Share your dilemmas and get honest opinions from other Mumsnetters.

To spend more money on my eldest daughters birthday then my youngest

52 replies

Differentstarts · 04/05/2024 18:47

I have 2 daughters 6 and 3 their birthdays are both next month. My 6 year old doesn't have a dad and only has me. My 3 year old does plus all these other relatives from his side. There's no relatives my side.
I like to treat them both equally and spend the same amounts on them to keep it fair. But doing this my eldest always ends up with so much less as my youngest has this whole other family buying for her. Aibu spending a lot more on her to even it out.
Yabu: you should spend the same on both
Yanbu: You should spend more on the eldest to even it out.

OP posts:
wompwomp · 05/05/2024 08:37

What station = way of looking at it

MumDoingMyBest · 05/05/2024 18:29

Differentstarts · 04/05/2024 21:58

This is exactly it and the majority of it I'm not going to be able to do anything about it, but the present thing I can

Yanbu to buy more presents from you for your elder daughter (provided that they are things you think she needs or wants). I probably wouldn't try to match the number your younger daughter gets as a) if she does get 30 presents that seems like more than I would want coming into the house and b) your younger daughter is only 3 so the number of presents off extended relatives is likely to decrease over time anyway.

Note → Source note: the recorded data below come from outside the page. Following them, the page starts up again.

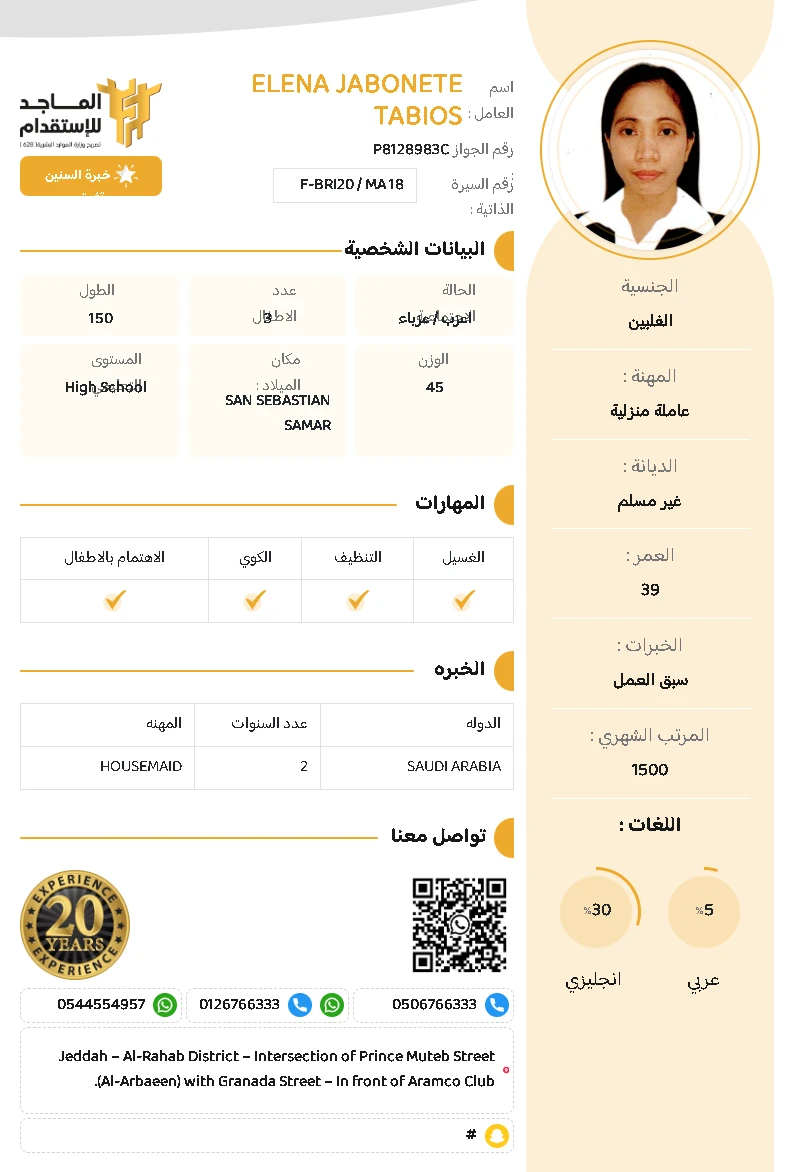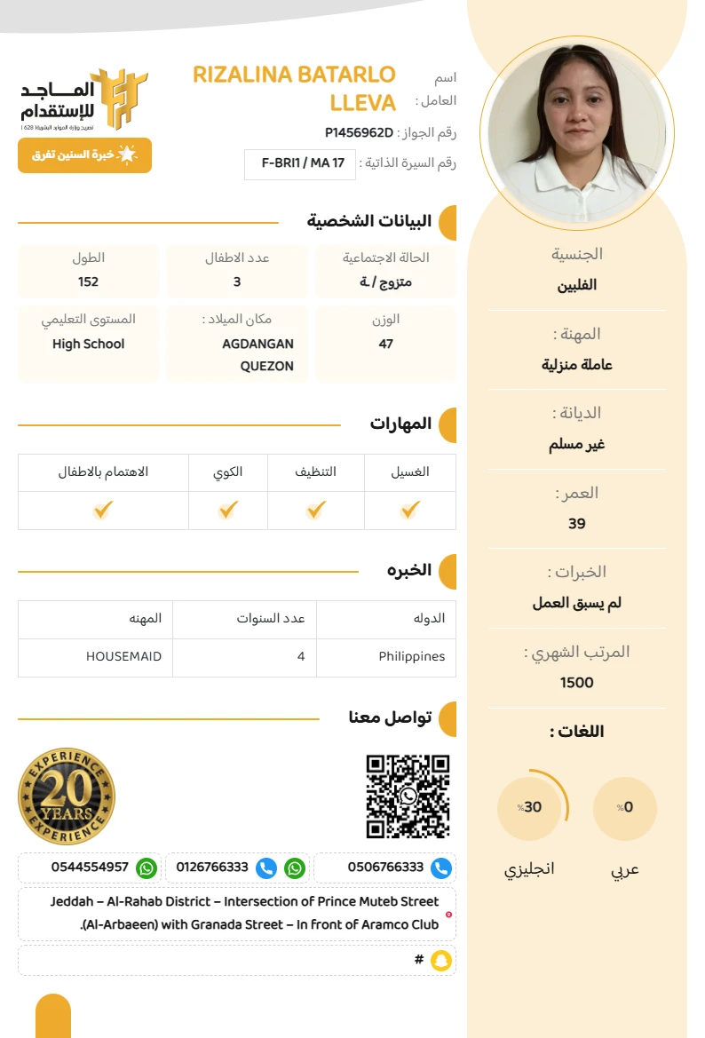 المهنة : عاملة منزلية
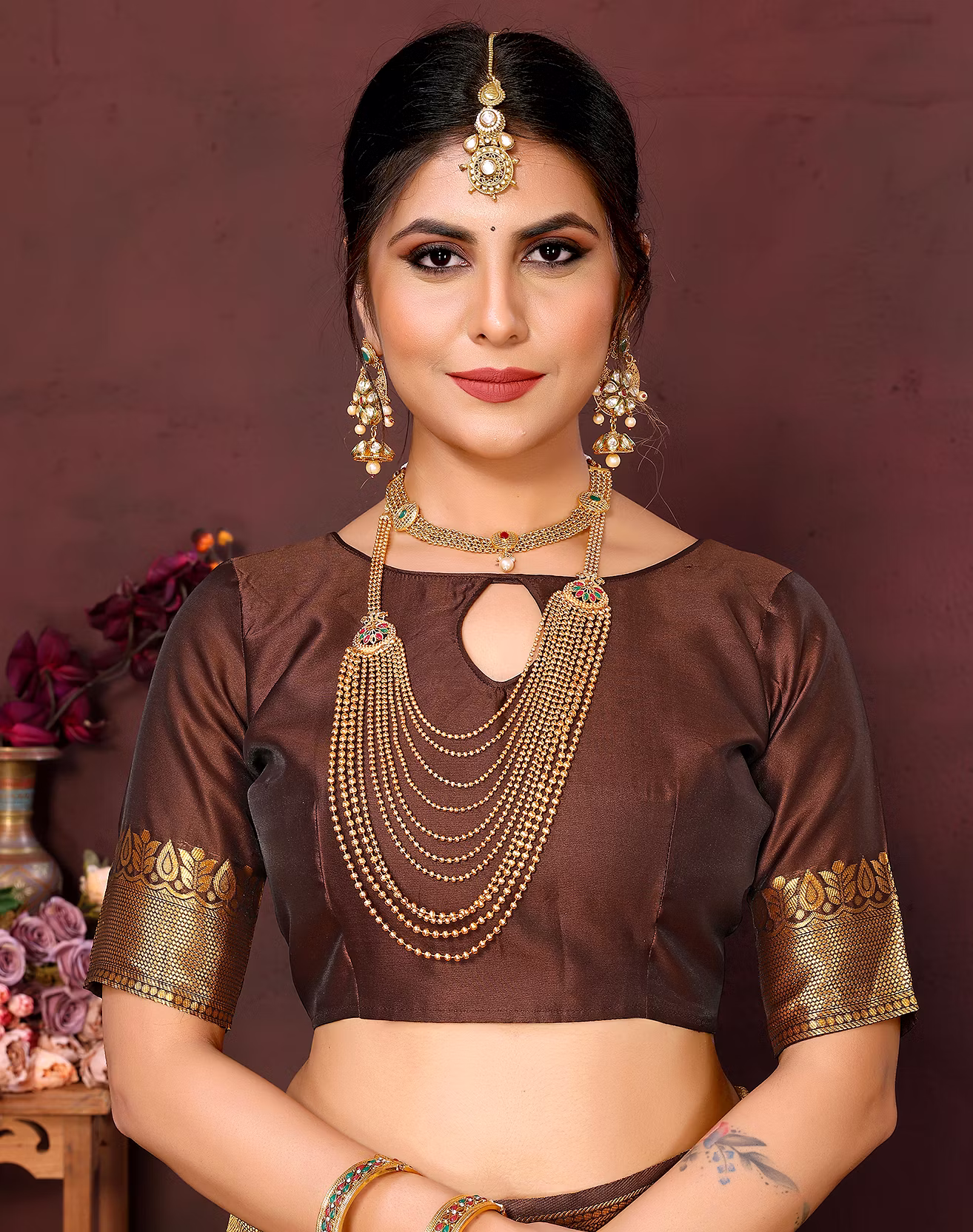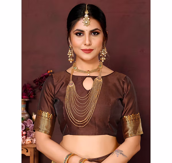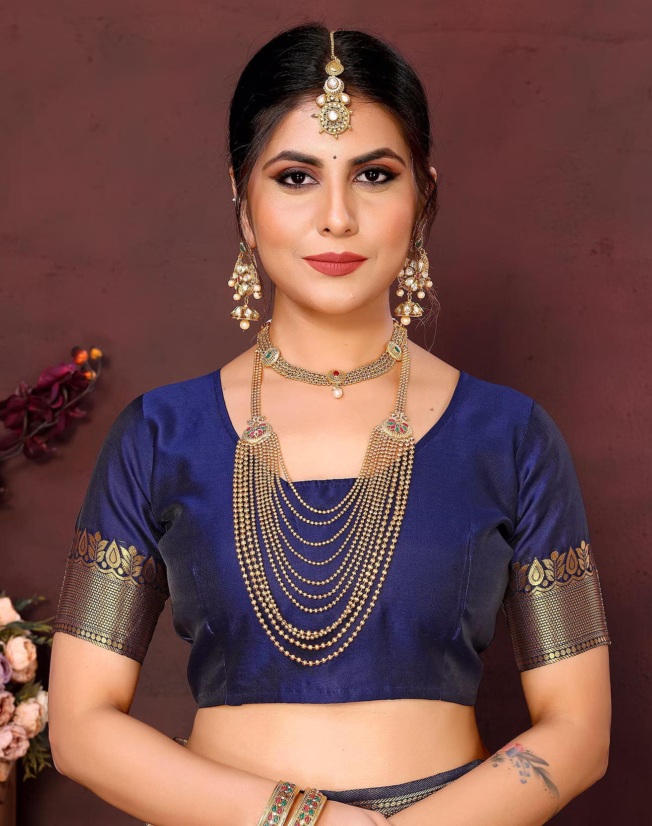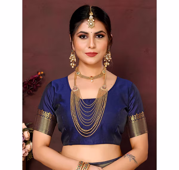 From weddings to cultural events, the saree transitions seamlessly from day to evening wear. The matching blouse material allows for custom styling, blending traditional allure with contemporary flair.
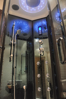 And a shower that is equipped with disco-lights, 7 shower nozzles from all angles, overhead waterfall and radio... now this is how showers should be done!
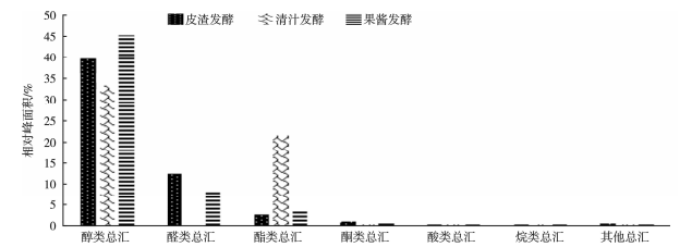 由圖4可知,3種發(fā)酵方式柿子酒的香氣成分大部分為醇類、酯類、醛類,醇類是柿子酒香氣的主要成分。皮渣發(fā)酵、清汁發(fā)酵、果漿發(fā)酵總醇類相對峰面積分別為39.62%、33.47%、45.32%,其中異戊醇相對峰面積最高,分別為32.03%、32.03%、29.32%。皮渣發(fā)酵、清汁發(fā)酵、果漿發(fā)酵總酯類相對峰面積分別為2.79%、21.65%、3.53%,其中丁二酸二乙酯相對峰面積最高,分別為1.18%、0.04%、1.39%。皮渣發(fā)酵、清汁發(fā)酵、果漿發(fā)酵總?cè)╊愊鄬Ψ迕娣e分別為12.56%、0.00%、7.97%,其中縮醛相對峰面積最高,分別為12.43%、0.00%、7.85%。酸類、烷類、酚類和其他類物質(zhì)含量較低,對酒的香氣起重要的修飾作用。清汁發(fā)酵柿子酒香氣成分中酯類數(shù)量最多,為27種,果漿發(fā)酵次之。清汁發(fā)酵的柿子酒香氣更濃郁,具有典型性。
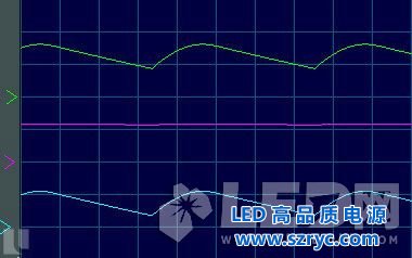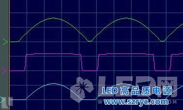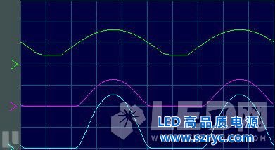 如圖1.2所示(綠線表示橋堆輸出端電壓,紅線表示LED電流,藍(lán)線表示電阻R上的電壓),LED電流有間斷(頻率為100Hz),LED電流存在的時候也有大小變化,故而表現(xiàn)為頻率為100Hz的頻閃現(xiàn)象。

And you wouldn't be unreasonable to try to mitigate things in other ways.

You could decide that as a household you buy things when you need them, which over the course of the year would mean spending more on the elder daughter.

You can seek to support individual relationships for dd1 with other trusted adults that you know. For example a neighbour teaching dd1 how to knit or one of your friends showing a particular interest in one of dd1's hobbies.
You can set the rules in your house when they are teenagers so that a part time job becomes a must have for life skills reasons.
You can also decide on rules about passing things on. Each daughter's things are hers until she decides she no longer wants them and then can be sold and the money added to a savings account. This may mean you selling things to yourself on behalf of each daughter, but would allow you to build some savings for each of them and stop the younger daughter "taking" the elders things. I know you haven't mentioned this happening but lots of posters have talked about the younger daughter automatically getting the olders things and I've noticed elsewhere a pressure on older children to pass toys on as soon as the younger child reaches the lower age range limit even if the older child hasn't reached the upper suggested age limit.